■ PROBLEM STATEMENT
A word-for-word copy of the data is what's wanted; pictures stay out of it.

■ DATA BELOW
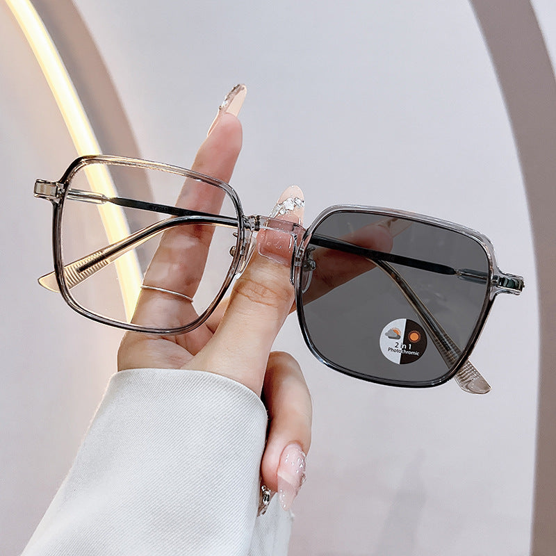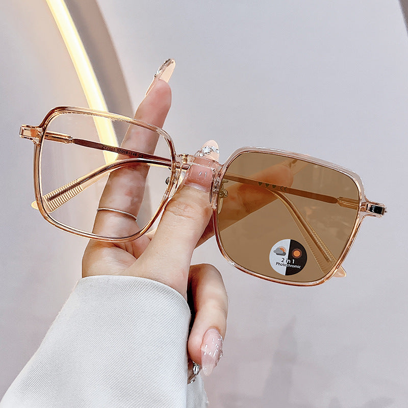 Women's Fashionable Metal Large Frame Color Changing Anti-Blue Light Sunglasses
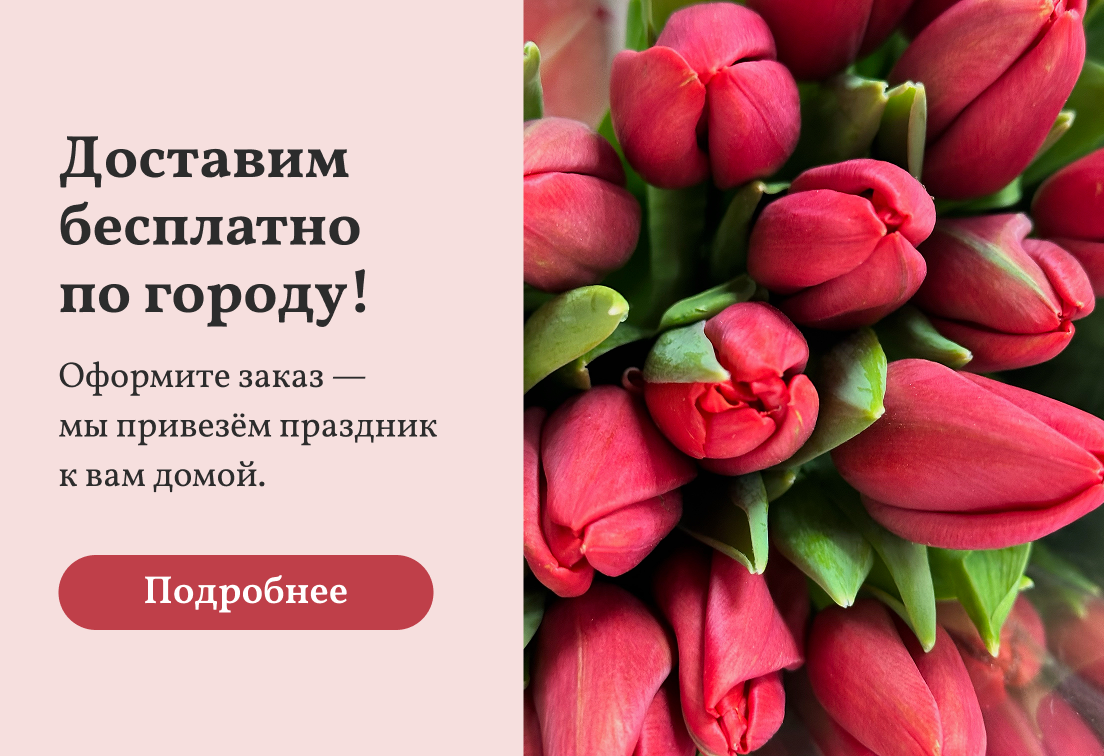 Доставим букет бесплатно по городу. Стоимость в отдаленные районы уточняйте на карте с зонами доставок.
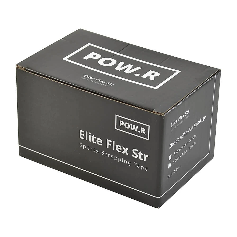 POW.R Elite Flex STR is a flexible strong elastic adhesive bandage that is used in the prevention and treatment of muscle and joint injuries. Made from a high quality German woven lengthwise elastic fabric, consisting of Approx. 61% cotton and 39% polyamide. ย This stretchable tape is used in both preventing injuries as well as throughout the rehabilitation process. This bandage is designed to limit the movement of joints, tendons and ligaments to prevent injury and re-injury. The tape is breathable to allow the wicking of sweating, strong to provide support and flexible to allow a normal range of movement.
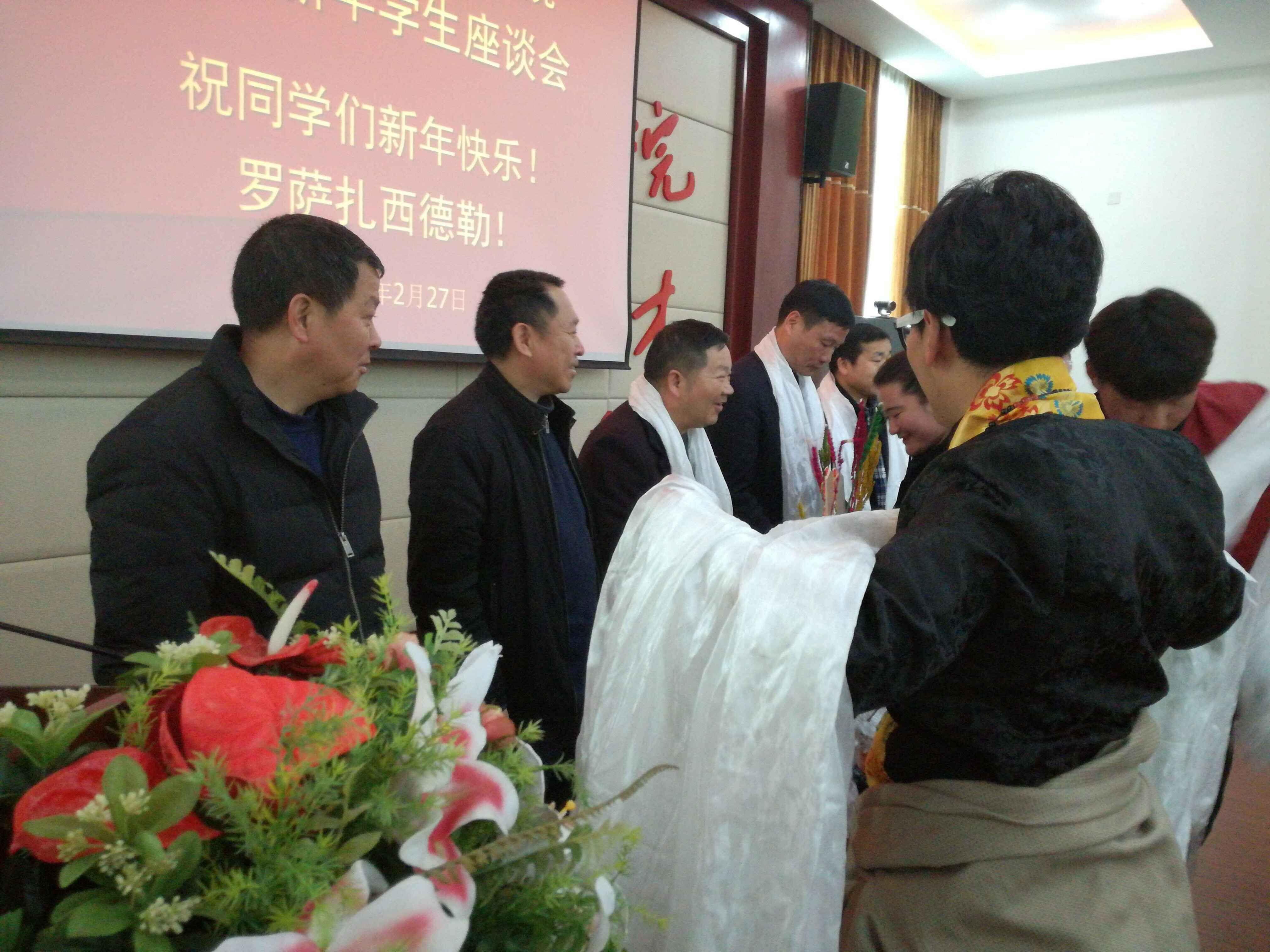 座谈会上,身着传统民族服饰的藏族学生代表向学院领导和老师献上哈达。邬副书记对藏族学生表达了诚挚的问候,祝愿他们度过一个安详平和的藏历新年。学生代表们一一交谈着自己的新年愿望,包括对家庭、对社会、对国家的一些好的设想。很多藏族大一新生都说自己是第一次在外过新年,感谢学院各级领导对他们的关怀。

■ WRITTEN ANSWER
 Women's Fashionable Metal Large Frame Color Changing Anti-Blue Light Sunglasses
 Доставим букет бесплатно по городу. Стоимость в отдаленные районы уточняйте на карте с зонами доставок.
 POW.R Elite Flex STR is a flexible strong elastic adhesive bandage that is used in the prevention and treatment of muscle and joint injuries. Made from a high quality German woven lengthwise elastic fabric, consisting of Approx. 61% cotton and 39% polyamide. ย This stretchable tape is used in both preventing injuries as well as throughout the rehabilitation process. This bandage is designed to limit the movement of joints, tendons and ligaments to prevent injury and re-injury. The tape is breathable to allow the wicking of sweating, strong to provide support and flexible to allow a normal range of movement.
 座谈会上,身着传统民族服饰的藏族学生代表向学院领导和老师献上哈达。邬副书记对藏族学生表达了诚挚的问候,祝愿他们度过一个安详平和的藏历新年。学生代表们一一交谈着自己的新年愿望,包括对家庭、对社会、对国家的一些好的设想。很多藏族大一新生都说自己是第一次在外过新年,感谢学院各级领导对他们的关怀。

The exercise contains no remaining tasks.